15:00-15:20	Giovanni Picogna	Radiation Hydrodynamics Simulations of Photoevaporating Disks: Dependencies on Stellar Properties	abstract
		Abstract: Photoevaporation of planet-forming discs by high-energy irradiation from the central star is a crucial mechanism for disc evolution and dispersal, and it may play an important role in the formation and evolution of planetary systems. We present here a new generation of X-ray photoevaporation models for different stellar masses (and X-ray luminosities), based on hydrodynamical simulations at different stages of disc evolution, which account for stellar irradiation via a significantly improved parametrization of gas temperatures, based on detailed photoionization and radiation transfer calculations. Our two-dimensional hydrodynamical models are then used to derive simple recipes for the mass-loss rates that are suitable for one-dimensional disc evolution and/or planet formation models typically employed for population synthesis studies. Line profiles from typical wind diagnostics (OI 6300Å and NeII 12.8 μm) are also calculated for our models and found to be roughly in agreement with previous studies. Finally, we perform a population study of transition discs by means of one-dimensional viscous evolution models including our new photoevaporation prescription and find that roughly a half of observed transition disc cavities and accretion rates could be reproduced by X(EUV) photoevaporation.
15:20-15:40		BREAK
15:40-16:10	James Owen	The final stages of disc dispersal	abstract
		Abstract: The final stages of disc dispersal remains poorly understood. Standard photo evaporation predicts a phase where transition discs with large holes and low accretion rates should persist for a timescale comparable to or longer than the initial clearing phase.

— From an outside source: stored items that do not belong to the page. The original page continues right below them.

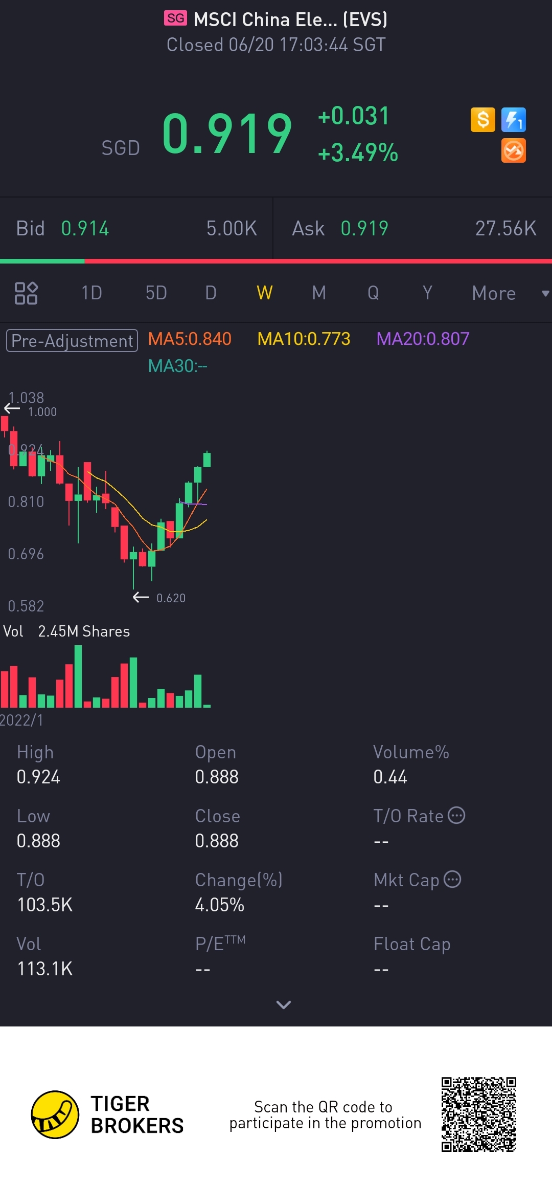$MSCI China Electric Vehicles and Future Mobility ETF-NikkoAM(EVS.SI)$ up, up and away. China is looking especially appealing as things eases
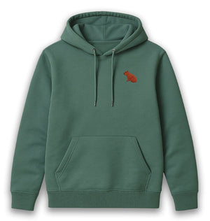 Lovable capybara embroidered hoodie for all capybara fans. This hoodie helps to save Rainforest Wildlife. For every sale of this item, 15% of the profits will be donated to the Rainforest Trust UK 💚
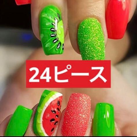 - 夏 サマー スイカ キウイ ラメ ネイルチップ 24ピース 接着剤やすり付き
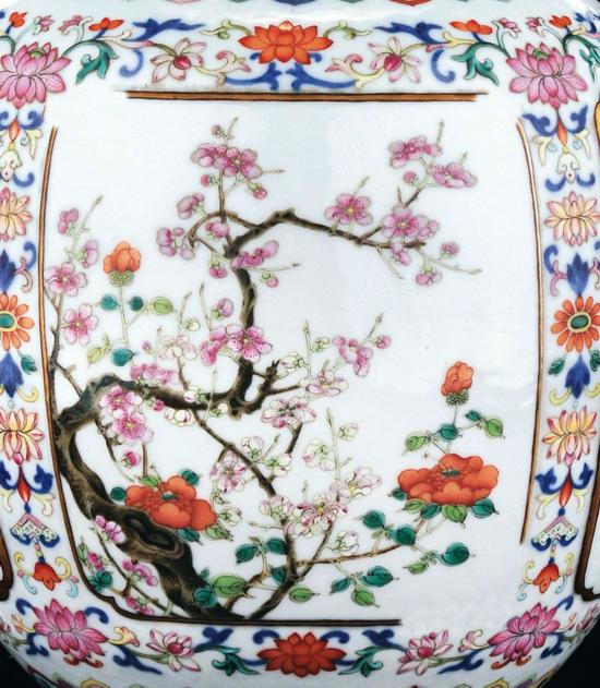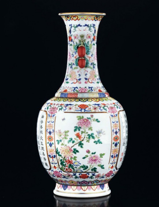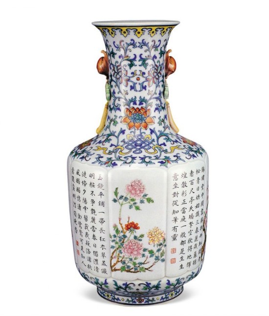 中国嘉德2013春拍中,一件“清乾隆 青花粉彩缠枝花卉开光梅菊图御制诗文柿蒂耳瓶”(lot 3092)以原本估价6倍多的2702.5万元成交,该器亦是乾隆御制诗瓷器的佳器。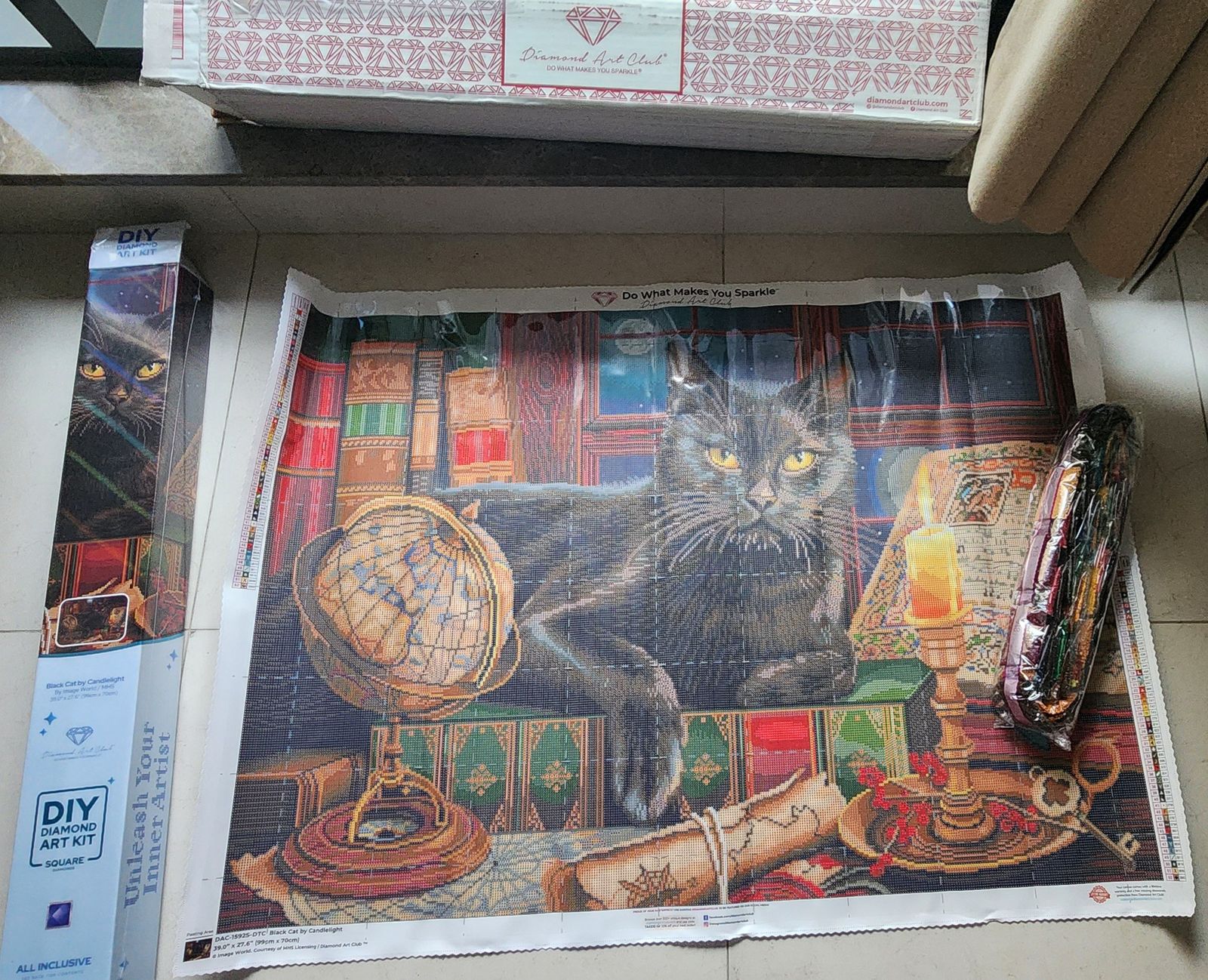 This is an amazing rendering and I love he quiet mystery of the books and the cat. Of course the canvas and drills are exceptional quality as always! Would definitely recommend!

I shall discuss recent attempts to solve this problem, including thermal sweeping and radiation pressure clearing of the dust.
	Chair: G. Picogna
16:10-16:30	Kristina Monsch	The effect of X-ray photoevaporation on giant planet migration	abstract
		Abstract: Transition discs with evacuated inner cavities are expected to be a natural outcome of the interplay between X-ray driven photoevaporation (XPE) and giant planet formation. Massive planets can reduce the inflow of material from the outer to the inner disc, therefore triggering the earlier onset of disc dispersal due to photoevaporation through a process known as Planet Induced PhotoEvaporation (PIPE, Rosotti+ 2013). In this case, cavities are formed as material inside the planetary orbit is removed by photoevaporation, leaving only the outer disc to drive the migration of the giant planet. We investigate the impact of XPE on giant planet migration, and focus specifically on the case of transition discs with evacuated inner cavities inside the planet location. This is important to determine under what circumstances photoevaporation is efficient at halting the migration of giant planets, thus affecting the final orbital distribution of a population of planets. For this purpose, we use 2D FARGO simulations to model the migration of giant planets in a range of primordial and transition discs subject to XPE. The results are then compared to the migration tracks of planets obtained by the impulse approximation, which is commonly employed in 1D planet population synthesis approaches. The 2D FARGO simulations show that once the disc inside the planet location gets depleted of gas, planet migration ceases. This contradicts the results obtained by the impulse approximation in 1D, which predicts strong, accelerated inward migration of planets in discs that have been cleared inside the planetary orbit. These results suggest that the impulse approximation may not be suitable to describe the migration of planets embedded in transition discs with inner cavities.
16:30-16:50		BREAK
16:50-17:10	Raphael Franz	Dust Entrainment in Photoevaporative XEUV Winds	abstract
		Abstract: Building on a new generation of XEUV-driven wind models, we have modelled the trajectories of micron-sized dust grains in the photoevaporative outflow around a young T-Tauri star. We find entrainment for grains of up to 11 micron, a clear enhancement over EUV-driven winds due to the additional X-ray component. Furthermore, we have computed dust densities for the wind region, which -- in the form of synthetic images -- are being used to benchmark our model, and the dust content of the disk-wind interface. These densities can then be used to create opacity maps for astrochemical applications.
17:10-17:30	Matías Gárate	Characterizing dust rings in a photo-evaporative disk	abstract
		Abstract: Photo-evaporation can create a cavity in proto-planetary disks. The outer edge of the gap becomes a pressure maximum in which the dust accumulates in a ring. Using numerical simulations of gas and dust evolution, we look for characteristic features of the dust distribution in a photo-evaporative disk, that would allow us to distinguish its origin from other mechanisms (e.g. planets).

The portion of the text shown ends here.